14. The system of claim 13, wherein training the relationship scoring machine learning model to determine relationship scores comprises:

training the relationship scoring machine learning model to determine a relationship score for a pair of the first node and the second node using the first node embedding and the second node embedding.

15. The system of claim 13, wherein the relationship scoring machine learning model further includes a third model tower and wherein the processing device is further to:

train the third model tower to generate a node pair embedding using pair features for a pair of the first node and the second node.

16. The system of claim 11, wherein the processing device is further to:

generate training data comprising pair features for the node pairs.

17. The system of claim 11, wherein filtering the logging data using the network data comprises:

determining shared features for the node pairs using the network data; and

filtering the logging data using the shared features.
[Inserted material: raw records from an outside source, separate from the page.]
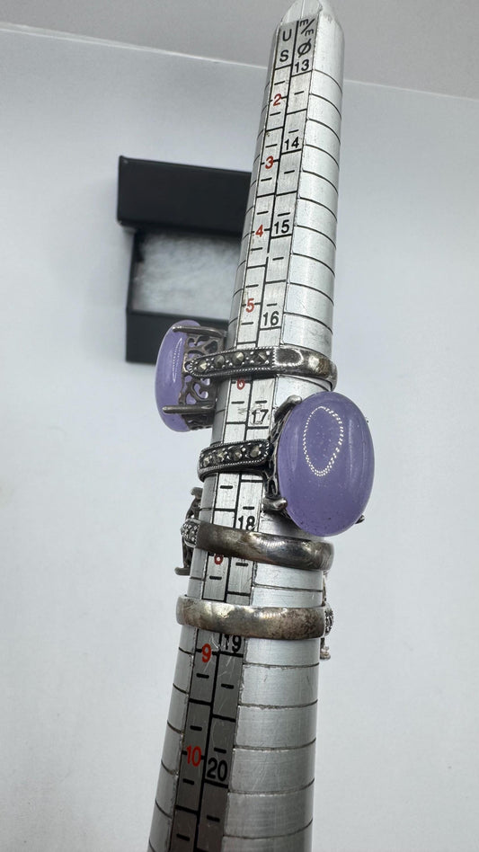 Vintage Purple Jade and marcasite Ring 925 Sterling Silver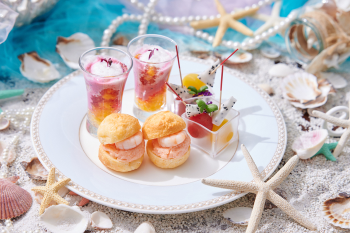 真珠貝をイメージしたピンク色のトゥンカロン、鮮やかな珊瑚がのったオーシャンブルーのグレープフルーツゼリー、人魚姫のカップケーキなど、人魚の棲む海中の世界をモチーフにしたスイーツに加え、海の幸とサマーフルーツを贅沢に使用した軽食もご用意。夏でもさっぱりとお召し上がりいただけるアフタヌーンティーです。都心にありながら緑に囲まれた“都会のオアシス”で、贅沢なひとときをお過ごしいただけます。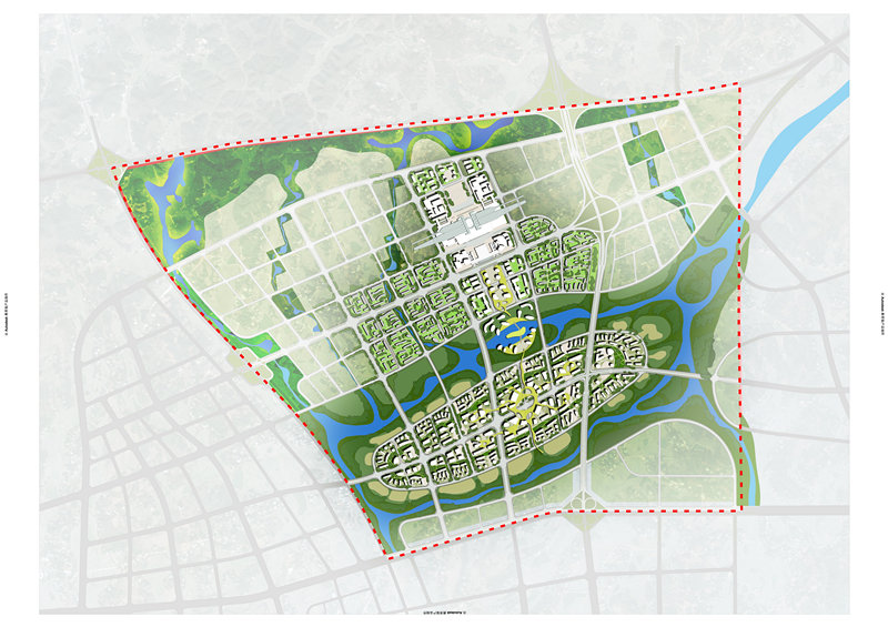 4. 項目面對一個核心問題是一個邊緣地區(qū)的發(fā)展的問題,現(xiàn)狀城市建設(shè)量極少,幾乎全部為村莊農(nóng)田,這樣一個區(qū)域的發(fā)展,要協(xié)調(diào)好邊緣綠心的關(guān)系,生態(tài)環(huán)保與發(fā)展的關(guān)系,在項目中,大膽嘗試采取田園城市的設(shè)計理念,強調(diào)新城開發(fā)必須遵守環(huán)境友好和資源節(jié)約原則。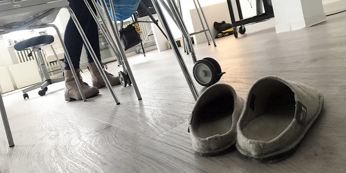 Das geschmeidig funktionierende Dreierteam machte es sich bei der Arbeit so bequem wie möglich – Lisa hatte sogar ihre Puschen dabei – und ließ sich von ABBA antreiben, die in Dauerschleife das Studio beschallten. Derweil bearbeitete Stefanie im Büro schon das am Vortag fotografierte Material.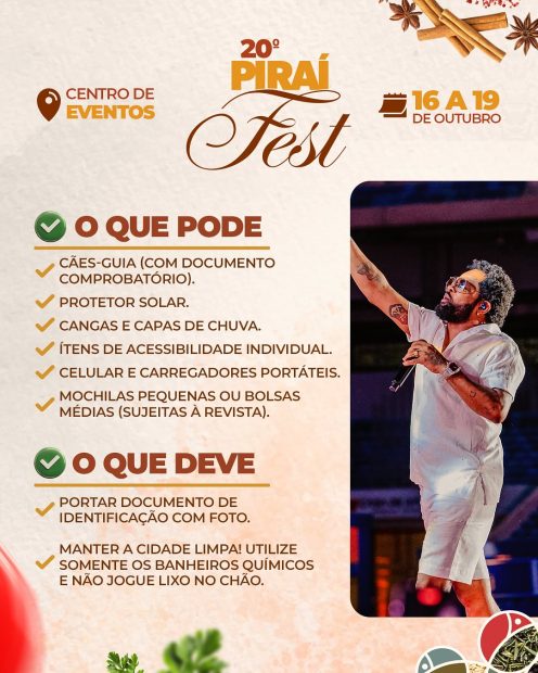 O Piraí Fest 2025 está de volta; este evento celebra a cultura, a música e a gastronomia com uma programação diversificada e divertida para toda a família. Então, anote os horários dos seus shows preferidos e não perca nada. A festa ocorre do dia 16 ao dia 19 de outubro, trazendo muita alegria e grandes shows para o coração da cidade.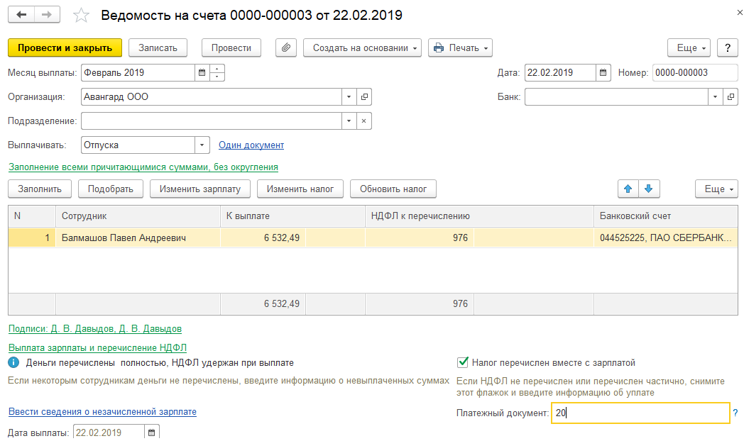 Выплатим отпускные сотруднику по ведомости перечислений на счета. Дата документа – 22.02.2019.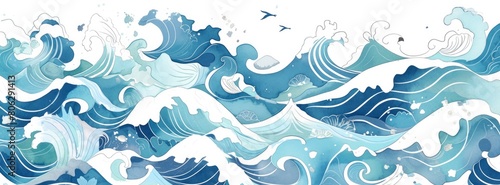 © MEHDI, Obraz premium watercolor background with light blue water waves and traditional Japanese patterns, simple, minimalistic, white background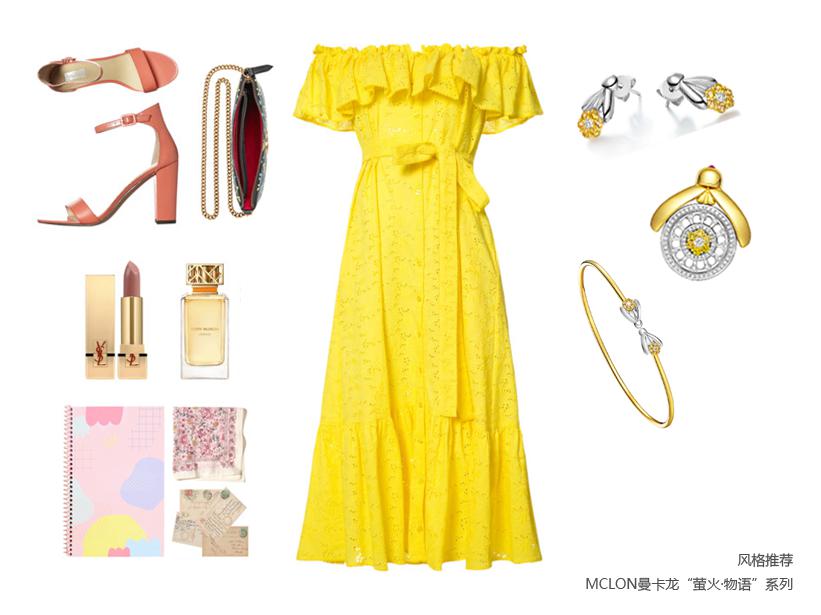 樱草黄色系单品,戴对珠宝更显夏日感。MCLON曼卡龙DIY系列,可随心搭配手镯、项链、chocker,足金材质打造匠心独具的时尚设计,个性十足,让你变身俏皮活力的夏日女孩。MCLON曼卡龙DIY系列搭配黄色系单品,不论是约会、职场、日常都能让你成为焦点。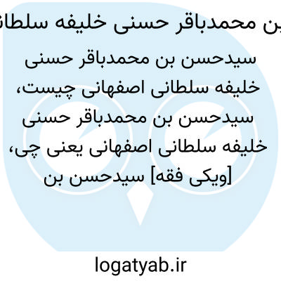 [ویکی فقه] سیدحسن بن محمدباقر حسنی خلیفه سلطانی اصفهانی، از اجّله علماء و فقهاء و محدّثین در قرن دوازدهم هجری می باشد.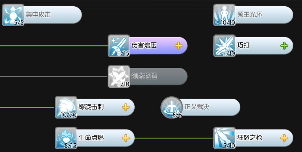 领主光环10、正义裁决5、集中攻击5、螺旋击刺10、生命点燃5、狂怒之枪5
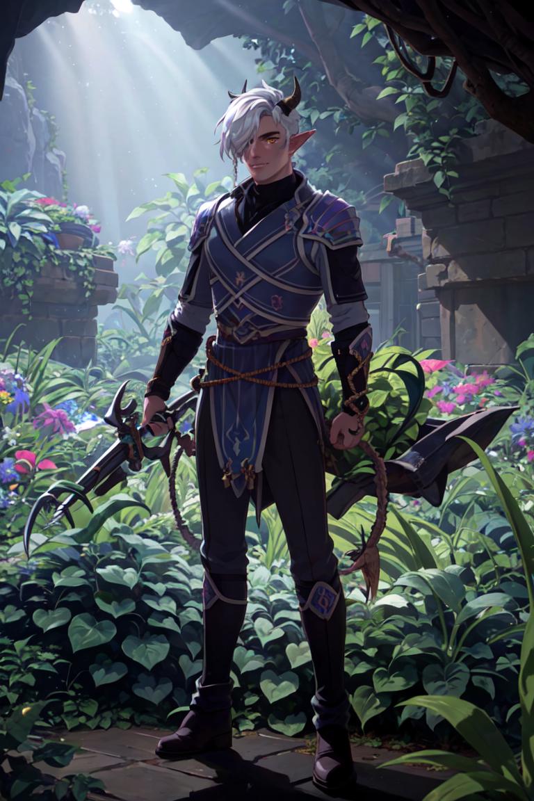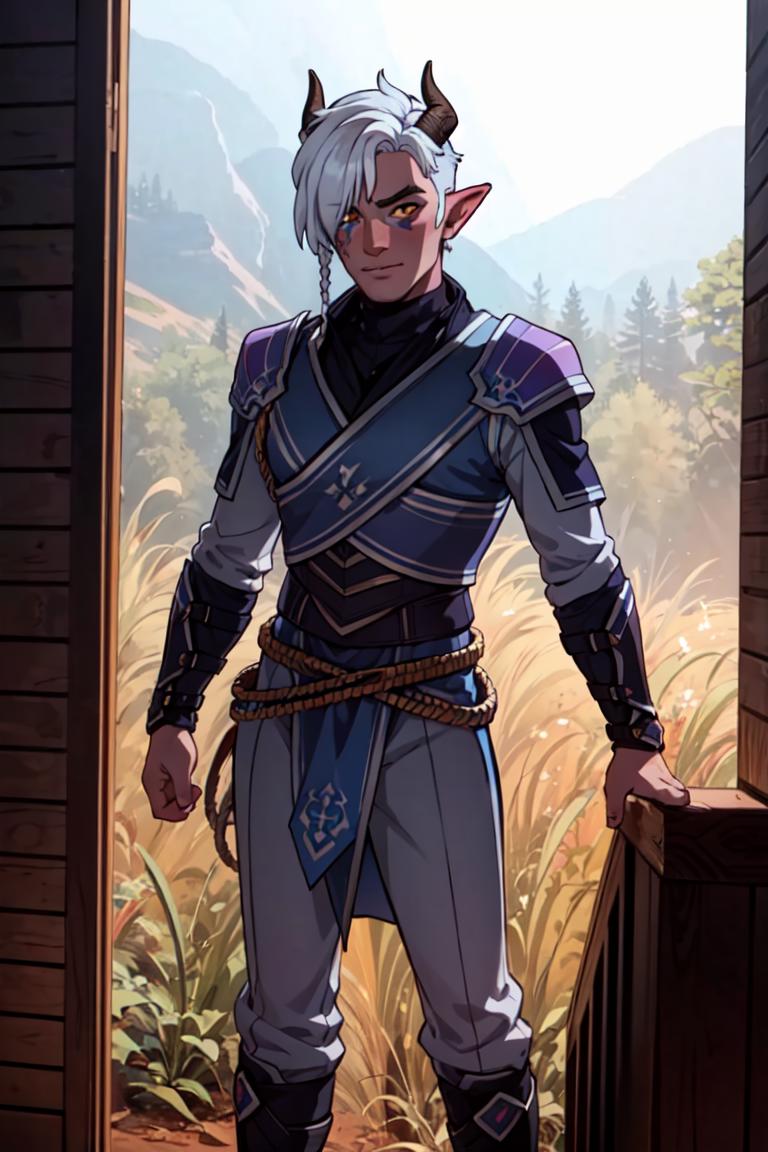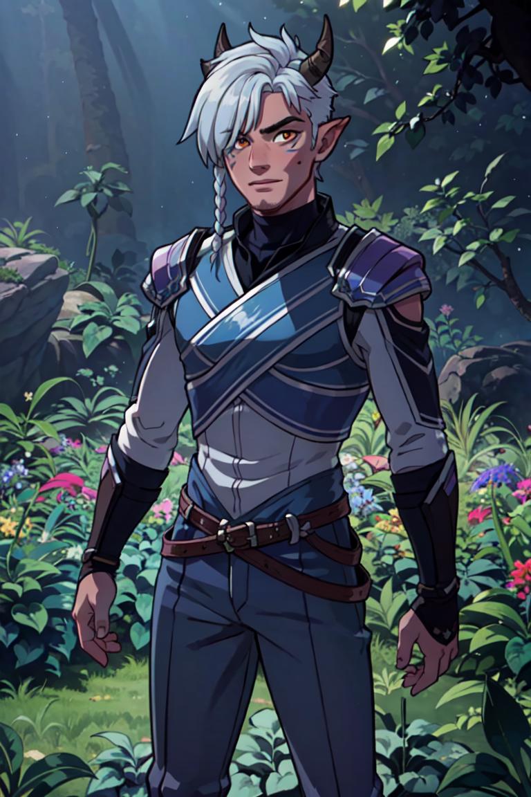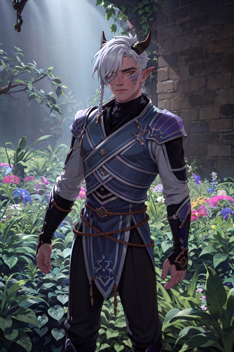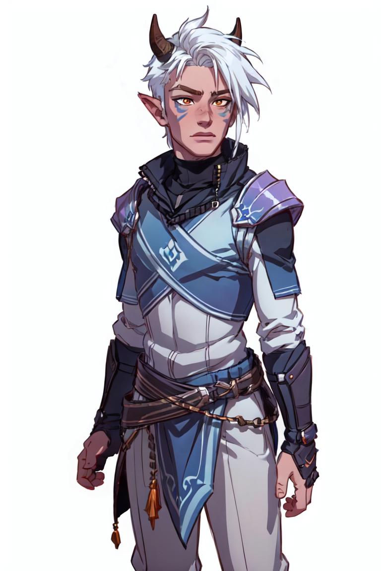 Additional: hair over one eye, orange eyes, horns, facial mark

18. The system of claim 11, wherein filtering the logging data using the network data comprises:

determining content types for the logging data by applying a trained machine learning model to the logging data; and

filtering the logging data using the content types.

19. The system of claim 11, wherein generating the weakly labeled data comprises:

generating the weakly labeled data using an autoencoder.

20. A system comprising:

at least one memory device; and

a processing device, operatively coupled with the at least one memory device, to:

receive network data for a plurality of nodes of a graph network of an online system, wherein the network data comprises information about connections between the plurality of nodes for a plurality of channels;

receive logging data for entities associated with the plurality of nodes of graph network, wherein the logging data comprises interactions between the entities associated with the plurality of nodes and content of the online system for the plurality of channels;

generate weakly labeled data by filtering the logging data using the network data, wherein the weakly labeled data comprises a subset of the interactions between the entities associated with the plurality of nodes and the content of the online system for the plurality of channels;

generate training data for a relationship scoring machine learning model, wherein the training data comprises input features of node pairs of the plurality of nodes and the weakly labeled data;

train the relationship scoring machine learning model to determine:

a plurality of channel relationship scores for the plurality of nodes by using the training data;

a plurality of channel weights for the plurality of channels using the training data; and

relationship scores for the plurality of nodes using the plurality of channel relationship scores and the plurality of channel weights;

generate input data for the trained relationship scoring machine learning model, wherein the input data comprises input features associated with a first node of the plurality of nodes and input features associated with a second node of the plurality of nodes; and

couple the trained relationship scoring machine learning model to an input of a recommendation system to provide a recommendation.